# MK3 Starter Motor Replacement DIY



## bearing01 (May 27, 2004)

I made this video recently. I figured I'd also post it up here. Maybe someone will find it useful.











John


----------



## 2.slow.gti (Nov 6, 2011)

I feel you should be thanked! :thumbup:


----------



## brianalexander (Jun 27, 2009)

great DIY!


----------



## cristo (Jul 3, 2006)

Thanks, I enjoyed watching that. Well done!


----------



## John_H2oCOOL (Jun 25, 2004)

Thanks for the videos

This will be useful for me, today the starter of my jetta remain "stuck-on" with the engine running and when i realized (a minute later) it was late, hopefuly theres no damage to the flywheel so i only need replace the starter only... Hope

Btw: the flywheel starter teeths could be damaged at all? Which signs I have to look for?


Sent via Tapatalk on iOS


----------



## Alingarhs (Dec 2, 2010)

I like it! Very helpful. :thumbup:


----------



## adaMKIII (Jul 1, 2007)

Awesome video! I can't wait for the next video you're planning where you take the starter apart. I have 2 old starters I would love to get going again as spares.

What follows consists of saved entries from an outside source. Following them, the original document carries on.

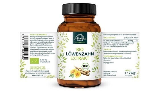 Bio Löwenzahn Extrakt - 500 mg pro Tagesdosis (1 Kapsel) - 120 Kapseln - von Unimedica
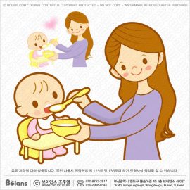 Boians Vector Mother character feeds baby food. Illustration of Isolated baby child care. SKU: BVCD002902
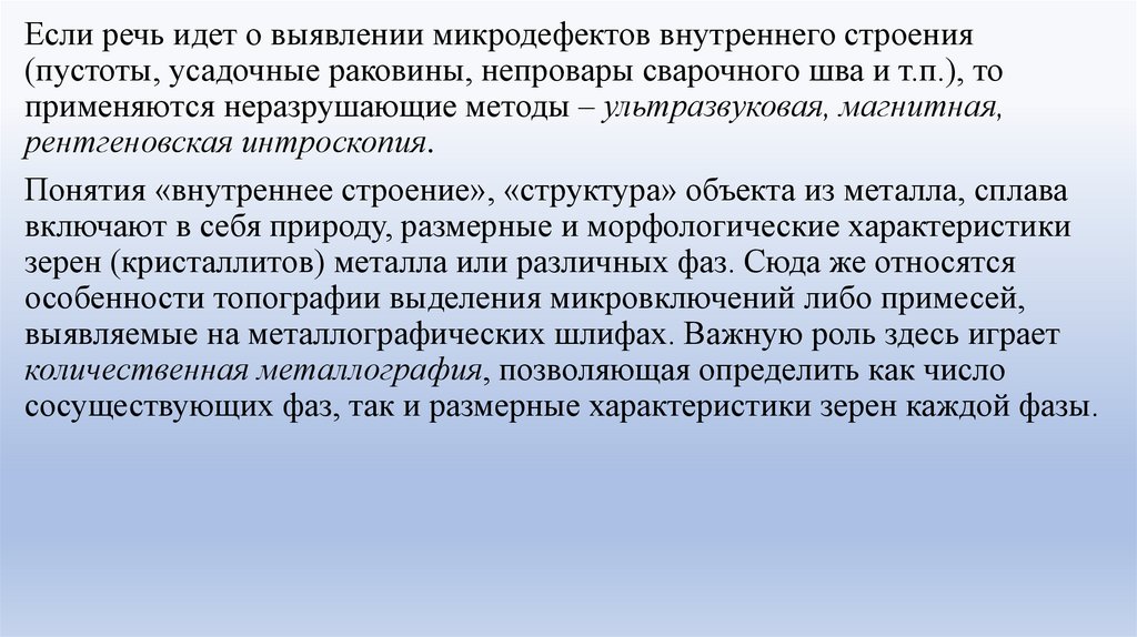 Если речь идет о выявлении микродефектов внутреннего строения(пустоты, усадочные раковины, непровары сварочного шва и т.п.), то
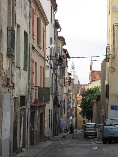 la grande maison, l’espèce de citadelle de silence et de respectabilité au centre du dédale des vieilles rues de la vieille ville, elle-même semblable à une citadelle au pied de celle édifiée six cents ans plus tôt par un roi d’Aragon, fortifiée par Charles Quint, entourée ensuite par Vauban de formidables et vertigineuses murailles qui englobaient en même temps les quartiers gitans, les rues à bordels, les six ou sept églises où scintillaient les ors des retables baroques, les couvents, les hôtels aux meneaux Renaissance, l’ancienne halle des marchands, les cafés décorés de céramiques, de femmes iris et de plantes vertes, les places aux statues de bronze, le tribunal au fronton corinthien, cafés, places, tribunal reliés par un tramway pas beaucoup plus grand qu’un jouet d’enfant passant, anachronique et ferraillant, devant les arcades gothiques, les terrasses fleuries d’hortensias, les quincailleries, les magasins de rubans, les réclames d’anis, de chocolats, de savons, de cigares, et les affiches aux violentes couleurs des tournées théâtrales.
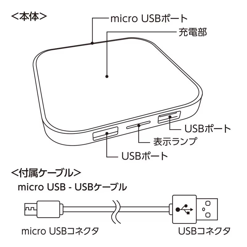 全商品に取扱説明書と充電用microUSBケーブルが付属。すぐに使える親切仕様で、ギフトや販売品にも最適です。
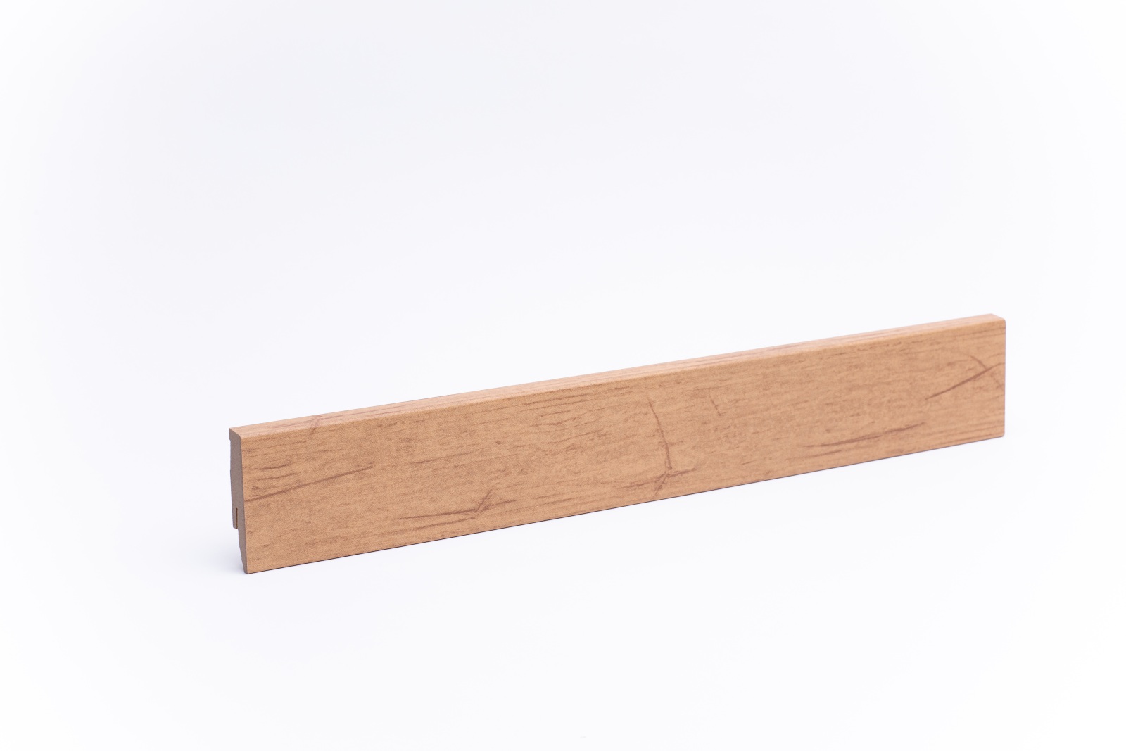 Die Fußleiste hat einen MDF-Kern (MDF-mitteldichte Holzfaserplatte). Dieser gibt der Fußleiste ausreichend Flexibilität sowie Stabilität.
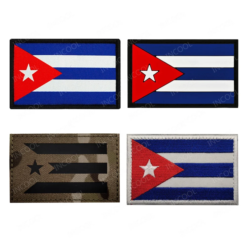 [Especificación]:Parche de bandera cubana de goma de PVC, banderas cubanas reflectantes IR, apliques de rayas, insignias de bordado decorativas para hombros, chaqueta de ropa
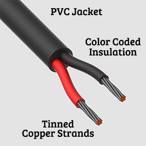 Cable length has been printed and remaining length is indicated directly on the cable(see photo). The inner conductor jackets are color coded red and black to maintain proper polarity throughout your installation. The cable is finished in a black ultra-flex PVC jacket.
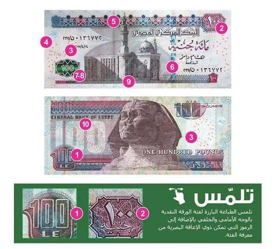 أشاد المجلس القومي لشئون الإعاقة، بمبادرة البنك المركزي المصري بإضافة رموز بارزة بأرقام فئة ورق العملة على وجهيها الأمامي والخلفي؛ بهدف تمكين المكفوفين من معرفة فئة الورقة النقدية بأنفسهم ليسهل عليهم التعامل بها؛ حيث أصدر البنك المركزي الأوراق النقدية الجديدة فئة 100 جنيه و200 جنيه متضمنة هذه الإضافات.
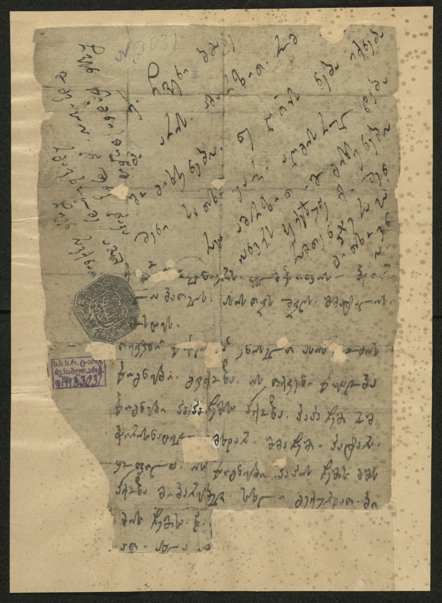 ჭვირნიშნიანი მწვანე ქაღალდი, შესრულებული შავი მელნით
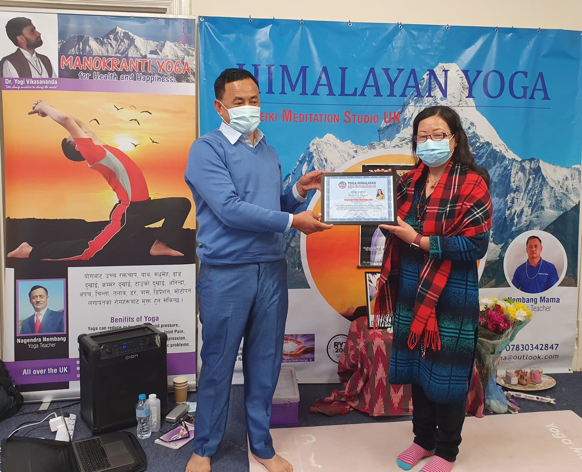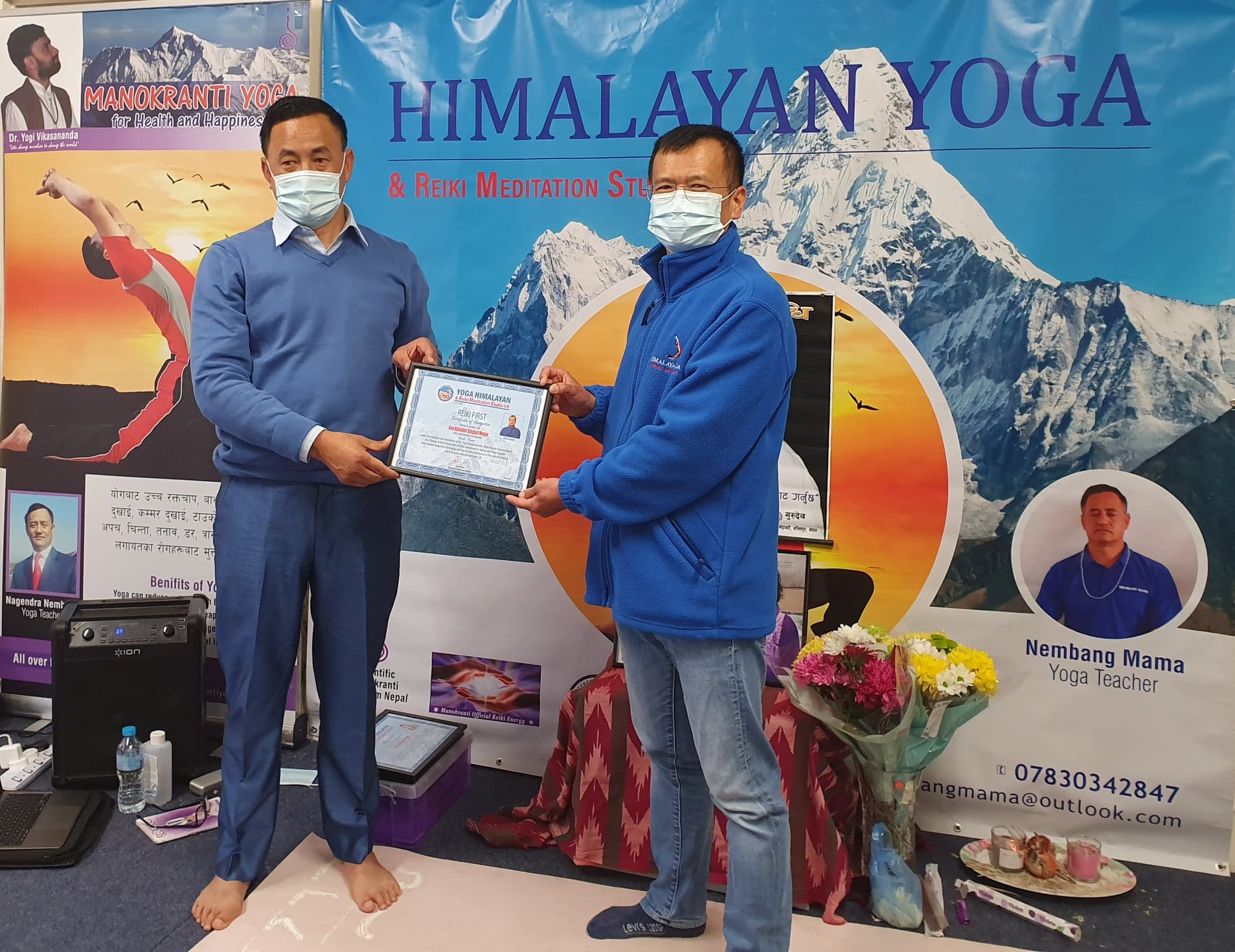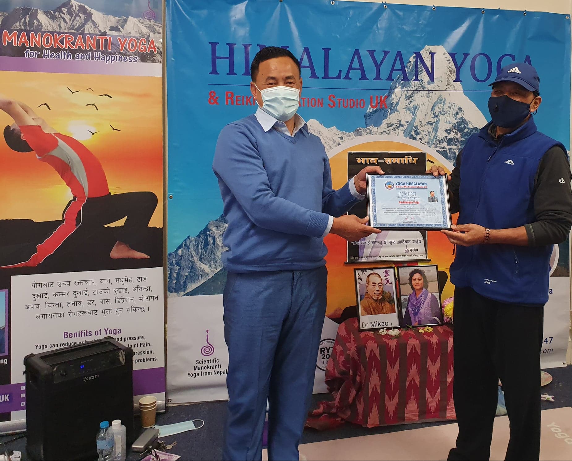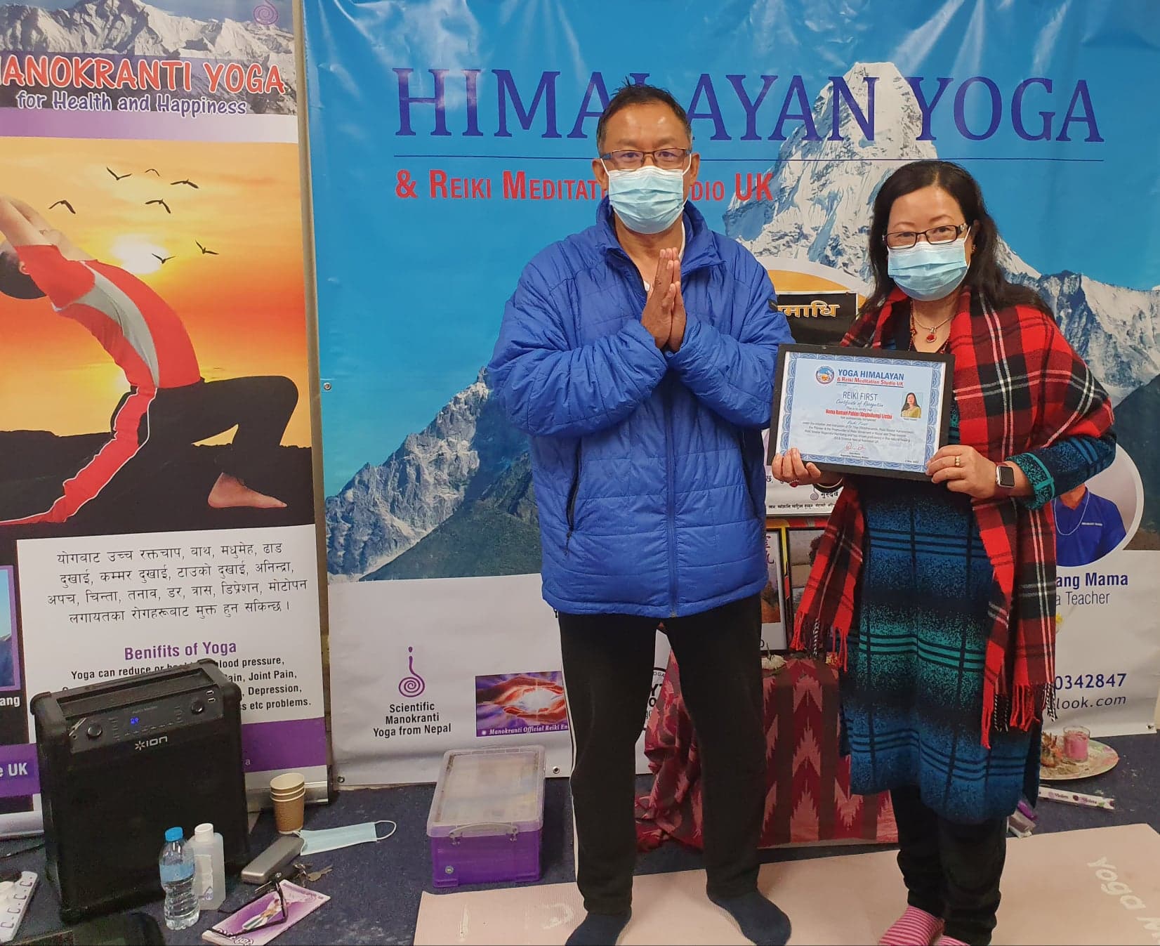 रेकी दीक्षा कार्यक्रमको अन्त्यमा सबै सहभागीको प्रतिनिधित्व गर्दै खड्गजङ आङ्बुहाङ लिम्बुले रेकी मास्टर नेम्वाङलाई धन्यवाद ज्ञापन गरेका थिए । रेकी हिलरहरुलाई रेकी प्रथमको प्रमाण पत्र पनि हिमालयन योगा एन्ड रेकी मेडिटेसन स्टुडियो यूकेले प्रदान गरे ।

I've done this repair 4 times. Getting the bolts to line up with the engine mount bracket is the most annoying part of the whole thing. 

You must be thanked, sir!


----------



## Lasagna (Jul 7, 2012)

just wanted to thank you. i appreciate this video so much. helped so much!


----------



## jbrickbm (Oct 30, 2011)

I'm having trouble aligning the engine mount up. Any suggestions? Where should I jack the engine up?


----------



## burtonrider1223 (Jan 7, 2019)

Wow I am unable to get that bottom bolt to line back up either! I supported the engine with the jack from the beginning to but the hole still moved just enough to cause frustration. It seems I need to move the engine forward maybe half a centimeter to get them to line up enough. I can seem to find a spot to jack the engine to get this right. I tried loosening the front engine mount but even an impact wrench I picked up can't loosen it. What did you guys do??


----------